Telangana Assembly backs state govt’s takeover of Hyderabad Metro Phase 1

The state government has decided to take over Phase-I from L&T through the Hyderabad Metro Rail Ltd (HMRL) to address the issues raised by the Centre.

Hyderabad: The Telangana Legislative Assembly on Saturday, March 28, passed a resolution endorsing the state government’s decision to take over Phase-I of the Hyderabad Metro Rail Project from infra major L&T.

Chief Minister A Revanth Reddy, who moved the resolution, said Phase-I of the project is spread over 69 km, and the state government submitted proposals to the Centre to develop Phase-II A and Phase-II B of the project in 76.4 km and 86.1 km, respectively.
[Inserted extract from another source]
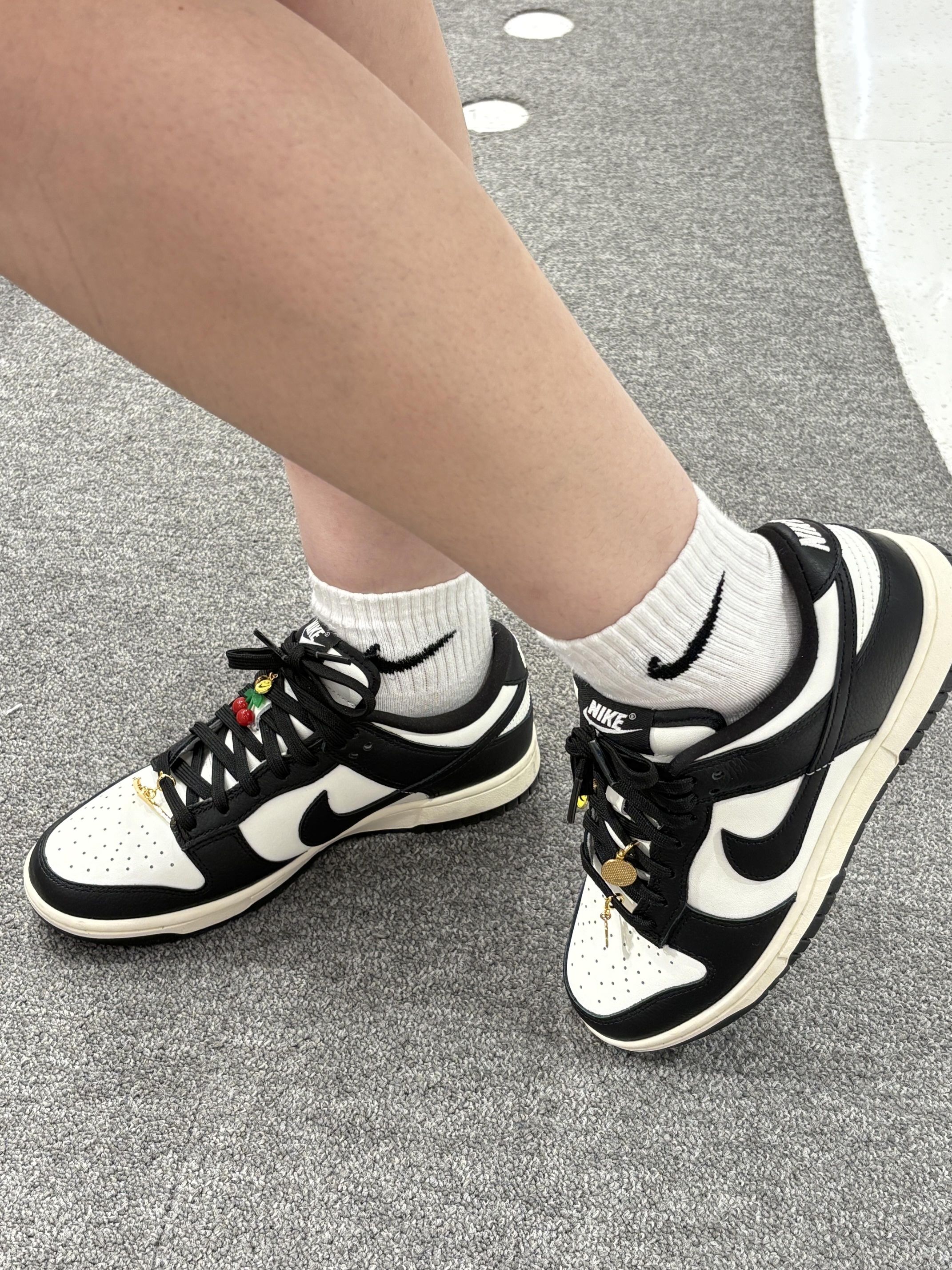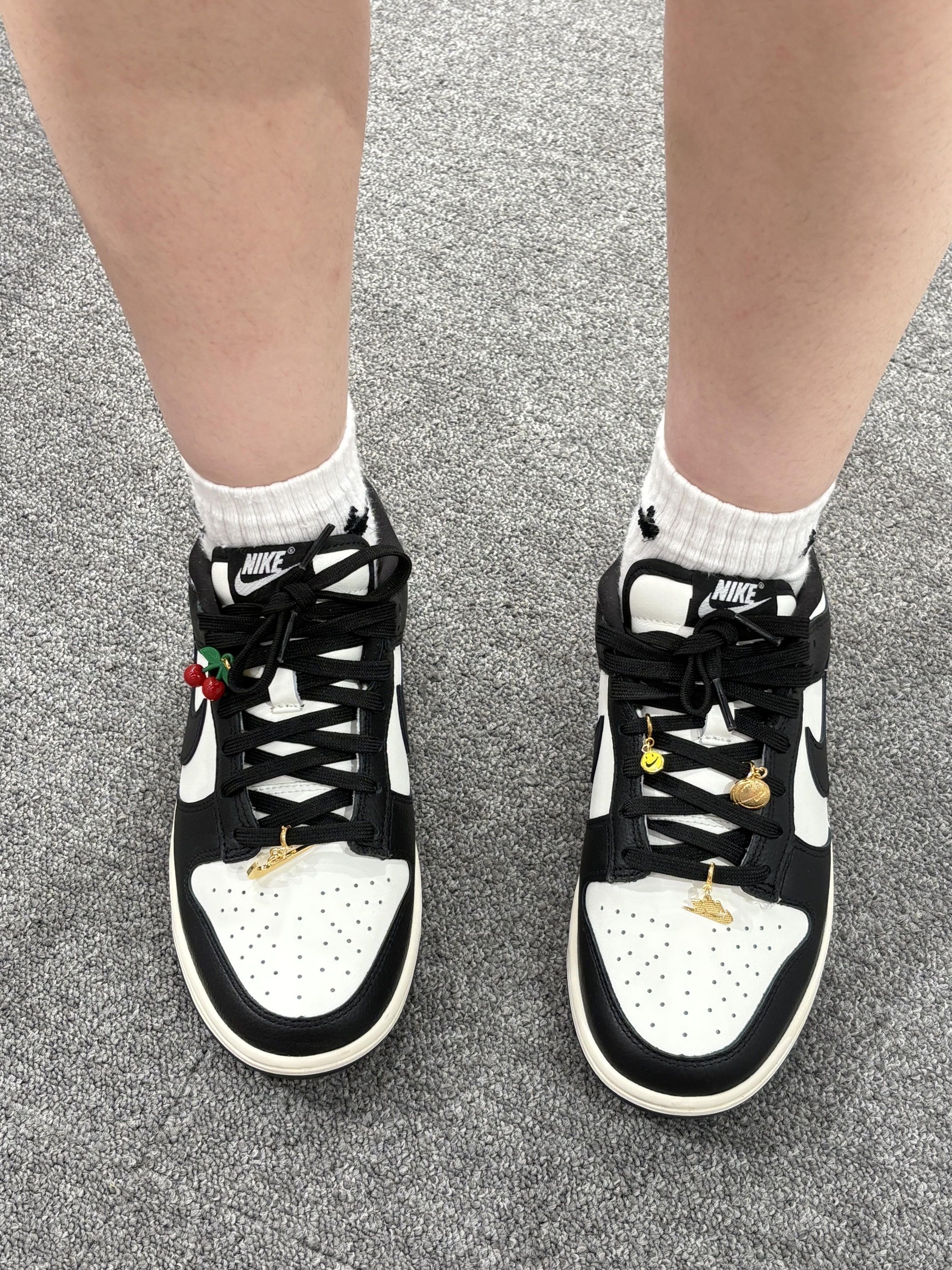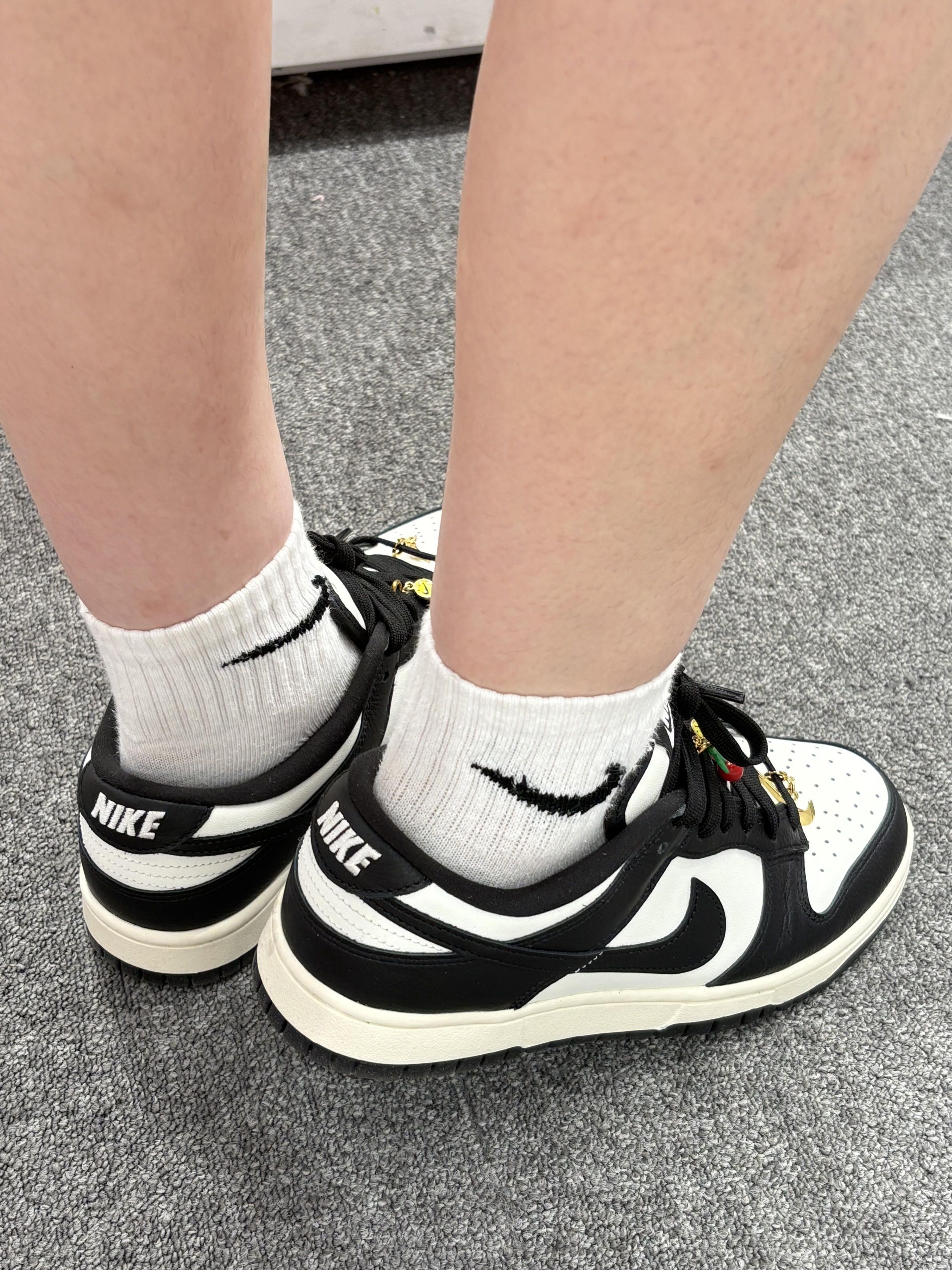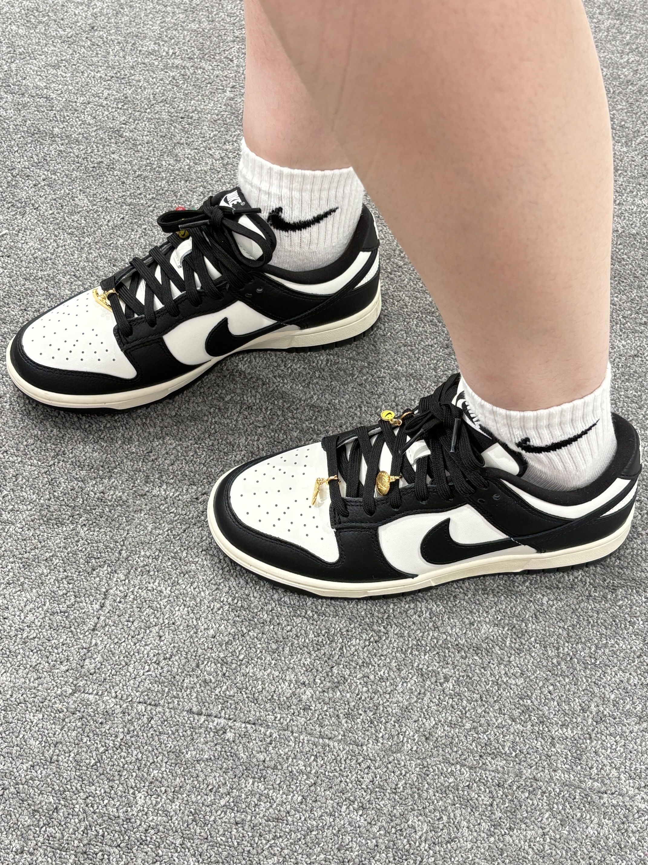 Nike Dunk Low 真的太懂穿搭了!🙈 谁能拒绝黑白配色的Nike Dunk Low啊!! 简约又高级的黑白撞色,怎么搭都不出错,休闲风、运动风统统能hold住~鞋身质感也很棒,上脚舒适感拉满,走很久的路都不会累。🍹🍹 新品添加小金挂坠当鞋带装饰,瞬间让鞋子变得更有个性,朋友看到都问我要链接呢~✨✨
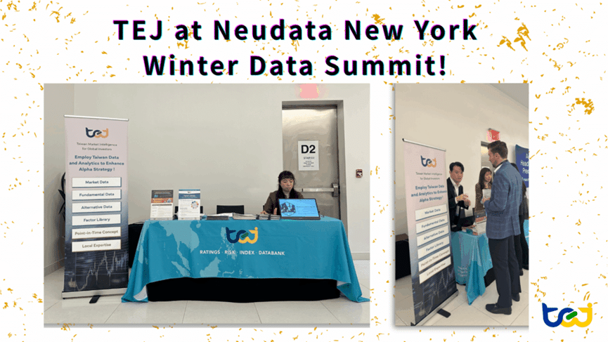TEJ 很高興能參加 2025 年 12 月於紐約舉行的 Neudata Data Summit。這場活動匯聚了量化研究、替代性資料創新與投資科技領域的全球領導者。在整個高峰會期間,我們的團隊與許多投資組合經理、資料科學家與研究人員交流,他們都在積極尋找具有差異化的資料來源,以強化投資模型並擴大對亞太市場的覆蓋。

The state government has taken into consideration the technical, legal and administrative problems being encountered to take up Phase-II A and Phase-II B with the joint partnership of the Central and state governments when Phase-I is in private management, he said.

Subhan Haleem

The state government has decided to take over Phase-I from L&T through the Hyderabad Metro Rail Ltd (HMRL) to address the issues raised by the Centre, he said.

The Chief Minister sought the endorsement of the House for the state government’s decision to take charge of Phase-I of the project.

The state government has drawn up plans to improve public transport in Hyderabad and to make the city get international recognition, he said, thanking the members for their unanimous support of the resolution.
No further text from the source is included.